AS-G Raju had alleged that the ‘toolkit’ has embedded hyperlinks with an intent to malign India abroad. But the court said there was “absolutely nothing objectionable” in the hyperlink ‘askindiawhy.com’ embedded with the ‘toolkit’.

On another hyperlink ‘Genocide.org’ embedded in the ‘toolkit’, the court concurred with the ASG that the imputations are really objectionable in the website.

“However, even if the said imputations are found to be objectionable in nature, I cannot but disagree with AS-G that the said material is seditious in nature,” Judge Rana said, adding, “The imputations may be false, exaggerated or even with a mischievous intent but the same cannot be stigmatised being seditious unless they have tendency to foment violence.”
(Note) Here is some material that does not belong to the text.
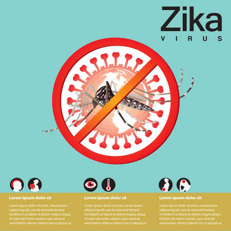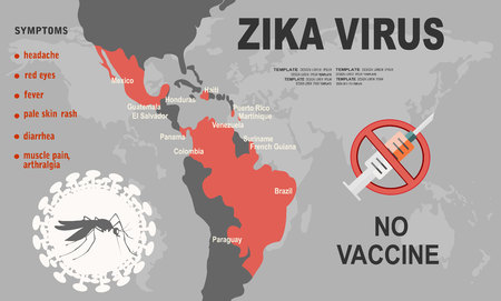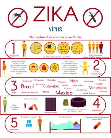 Zika virus infographic elements - prevention, transmission, vaccine, symptoms, microcephaly, protection measures. Zika virus disease. Zika virus design template. Isolated vector illustration.

The Delhi police had alleged that Ms. Ravi along with her associates under the pretext of protesting against the farm laws have resolved to vandalize Indian Embassies and specifically attack symbols of India i.e. Yoga and Chai.

“Except for a bare assertion, no evidence has been brought to my notice to support the contention that any violence took place at any of the Indian Embassies pursuant to the sinister designs of the applicant/accused and her co-conspirators,” the court said.

“Conspiracy cannot be proved merely on the basis of inferences. The inferences have to be backed by evidence,” the court noted. It added, “In my considered opinion creation of a WhatsApp group or being editor of an innocuous Toolkit is not an offence.”

“In the absence of any evidence to the effect that the applicant/accused (Ms. Ravi) agreed or shared a common purpose to cause violence on January 26 with the founders of PJF, it cannot be presumed by resorting to surmises or conjectures that she also supported the secessionist tendencies or the violence caused on January 26,” the court added.